### [Data to use]
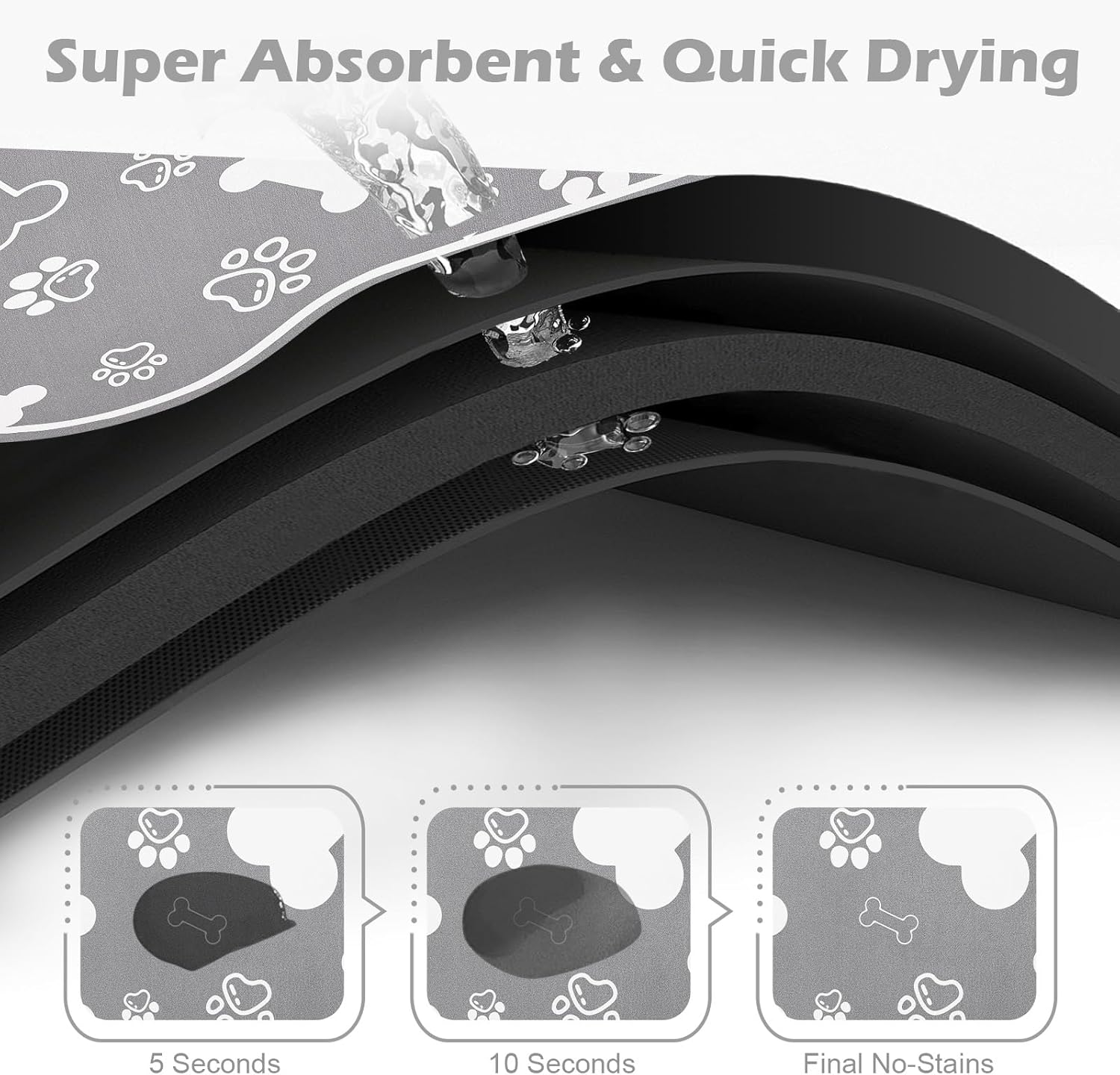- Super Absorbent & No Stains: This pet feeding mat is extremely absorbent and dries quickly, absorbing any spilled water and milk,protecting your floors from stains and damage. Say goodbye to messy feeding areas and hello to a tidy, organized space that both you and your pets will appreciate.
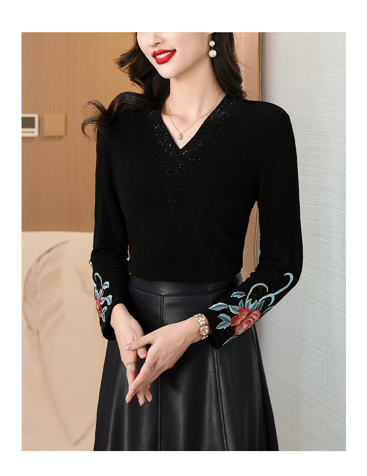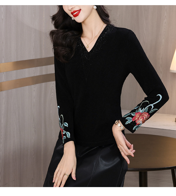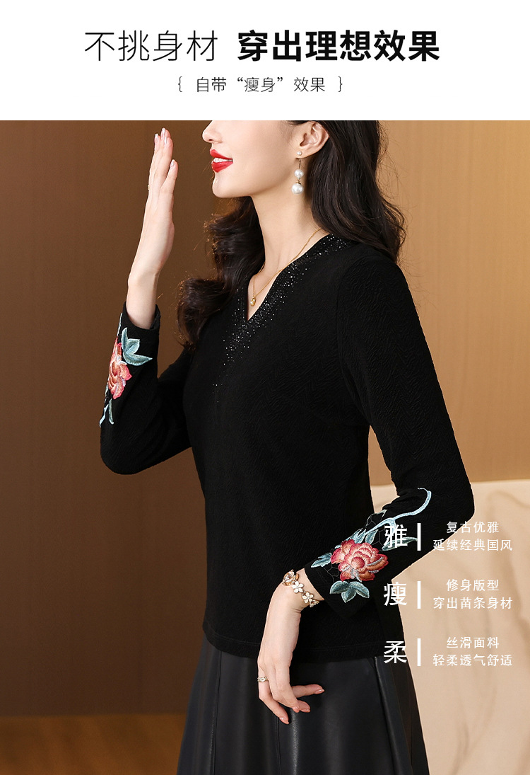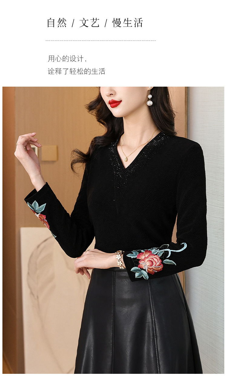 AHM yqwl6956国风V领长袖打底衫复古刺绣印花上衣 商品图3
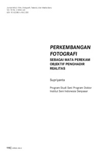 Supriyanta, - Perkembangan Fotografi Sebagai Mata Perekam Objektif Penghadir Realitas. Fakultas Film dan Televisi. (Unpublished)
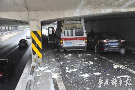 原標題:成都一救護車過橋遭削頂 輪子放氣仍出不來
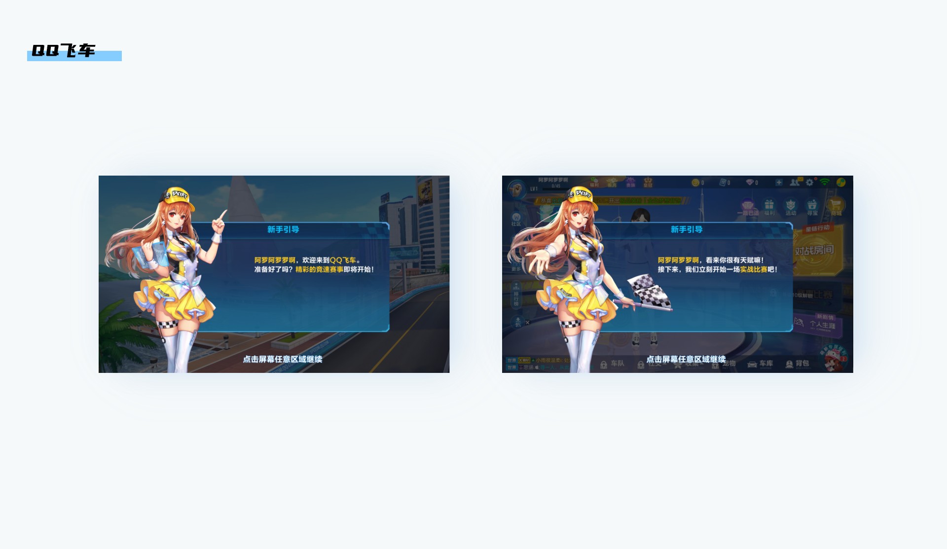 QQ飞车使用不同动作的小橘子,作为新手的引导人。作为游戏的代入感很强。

### [Assignment]
In your copy, include every record word for word but no pictures.

### [Final answer]
- Super Absorbent & No Stains: This pet feeding mat is extremely absorbent and dries quickly, absorbing any spilled water and milk,protecting your floors from stains and damage. Say goodbye to messy feeding areas and hello to a tidy, organized space that both you and your pets will appreciate.
 AHM yqwl6956国风V领长袖打底衫复古刺绣印花上衣 商品图3
 Supriyanta, - Perkembangan Fotografi Sebagai Mata Perekam Objektif Penghadir Realitas. Fakultas Film dan Televisi. (Unpublished)
 原標題:成都一救護車過橋遭削頂 輪子放氣仍出不來
 QQ飞车使用不同动作的小橘子,作为新手的引导人。作为游戏的代入感很强。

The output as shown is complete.